さっきの俺はどうかしていた。俺の目の前で北斗についてあること無いことを言われるのは中学の時から慣れていて、普段ならちゃんと自分を押さえられるはずだった。
なのに出来なかったのは、奈良さんがあの小泉さんに似ていたからだ――特に、目元のあたりなんか。

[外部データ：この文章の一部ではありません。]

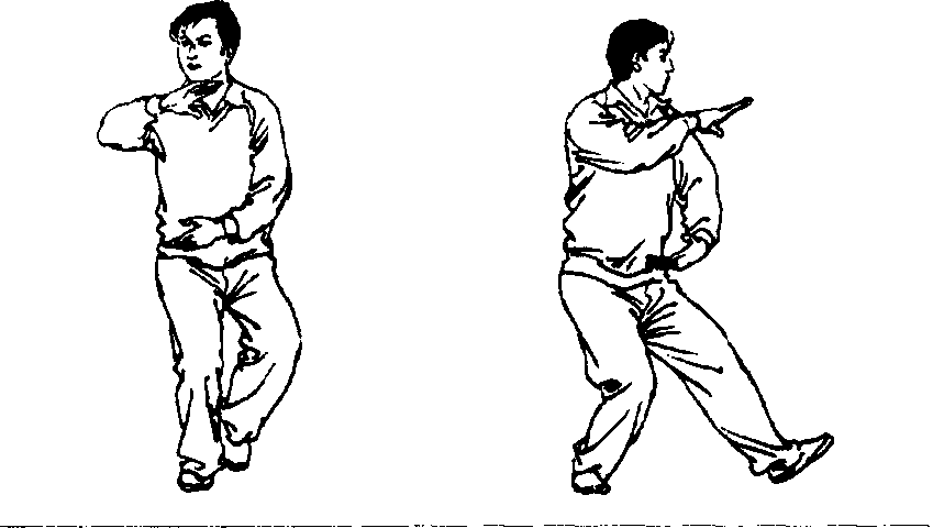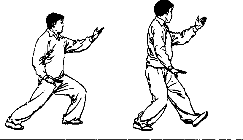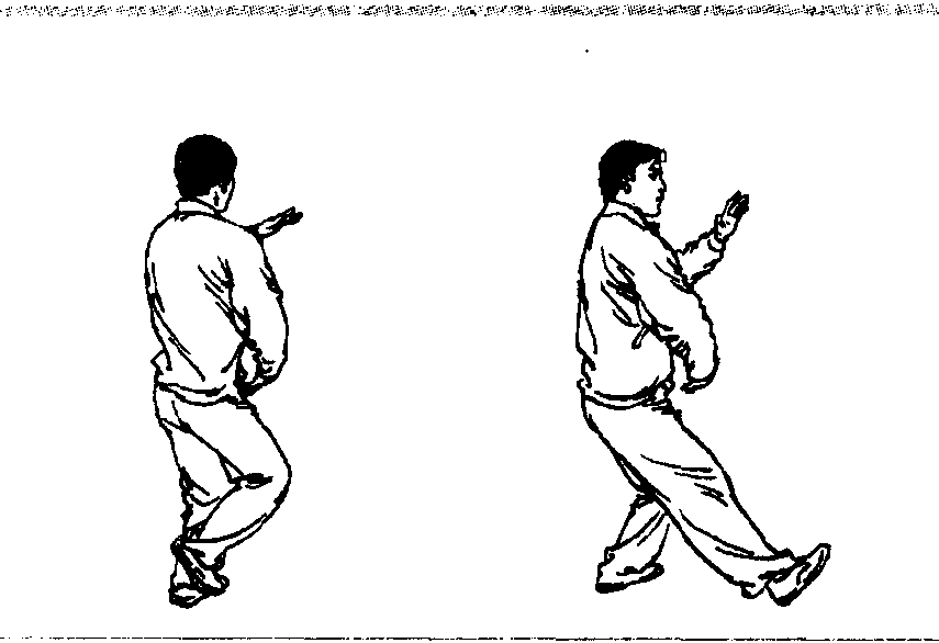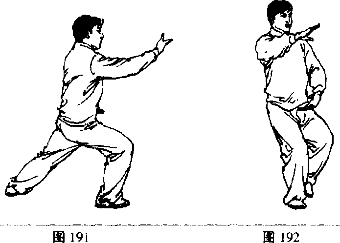 8 .右腿屈弓,左腿自然蹬直,成右弓步。两手前后分开如 “运臂”之抱分势(圈191)。
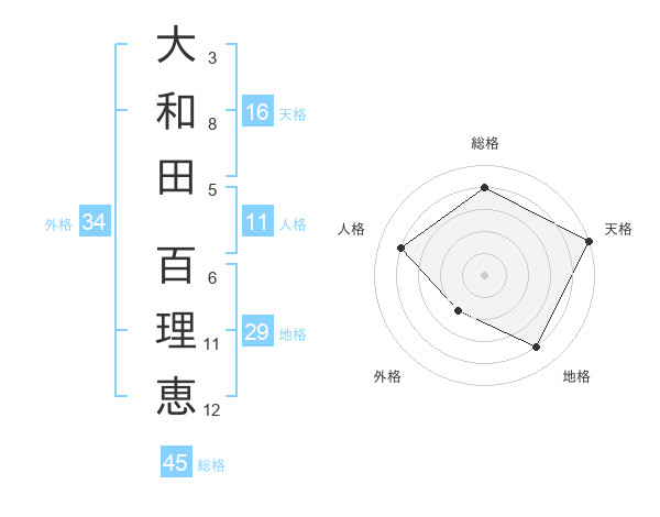 大和田 百理恵さんを姓名の画数から五運を鑑定
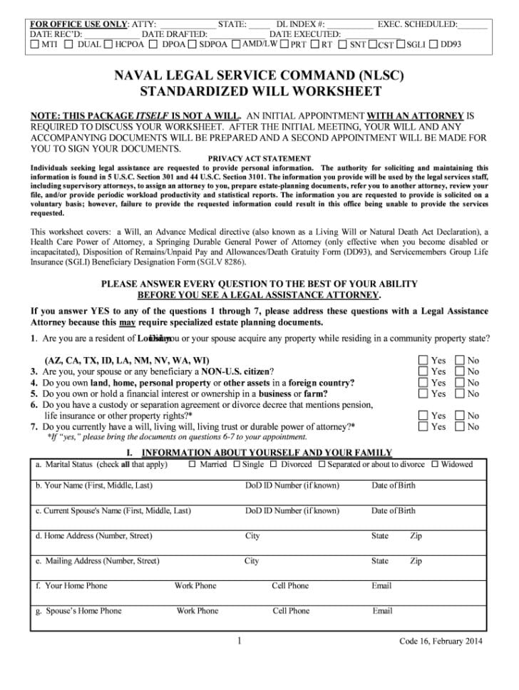 Here are some of the images for Air Force Legal Assistance Will Worksheet that we found in our website database.
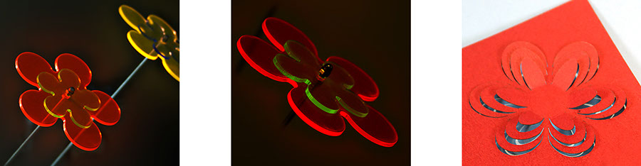 Durch verschachtelte Schnitte, bei denen Formen nur angeschnitten werden, kann durch umbiegen dieser Formen ein 3D-Effekt erreicht werden.
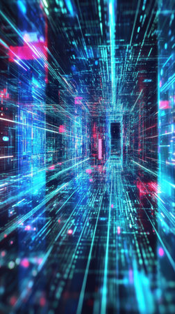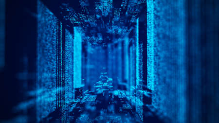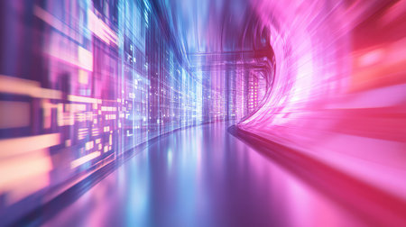 Abstract technology tunnel moving fast through digital network

あの子に俺と間違えて呼び出されて、北斗は昔のことを思い出したかもしれない。俺を責めたときのあいつの顔が脳裏に浮かんだ。
「会長ー、ただいま戻りましたー」
酒谷が生徒会室に戻ってきた。後から幸崎先生も入ってくる。
「酒谷、続けてその資料から情報の抜き出しを。天宮はそれを基に今年の広告依頼先リストを作成」
「はい」
小野寺先輩の指示を受け、俺は生徒会室のパソコンの電源を立ち上げた。
「何で今まで電子データ化しなかったんだろう」
「今年やっておけば来年は楽が出来るよ」
ぼやいた酒谷に向けて、被りなおした仮面で俺が微笑むと、彼の顔が少し紅くなる。誰に対しても歯に衣を着せない物言いをする酒谷との関係が最初は心配だったけれど、彼には「造られた俺」に対して好意があるらしくて、今のところお互い上手くやっている。
「三人とも、何か買ってこようか?」
「あ……先生、有り難うございます」
「僕はあまり役に立てていないからね、こういう事は、させて欲しい」
「そんな、役に立ってないってこと無いですよ。僕ら生徒じゃどうしたって出来ない事ってあるし。ねぇ、会長?」
酒谷の問いかけに小野寺先輩は無言で頷いた。この人にとっては「教師」の権限を有効活用したいだけで、顧問は誰でも良かったんだろうな。けれど、そのおかげで俺は幸崎先生と長くいられるし、色々と助かっている。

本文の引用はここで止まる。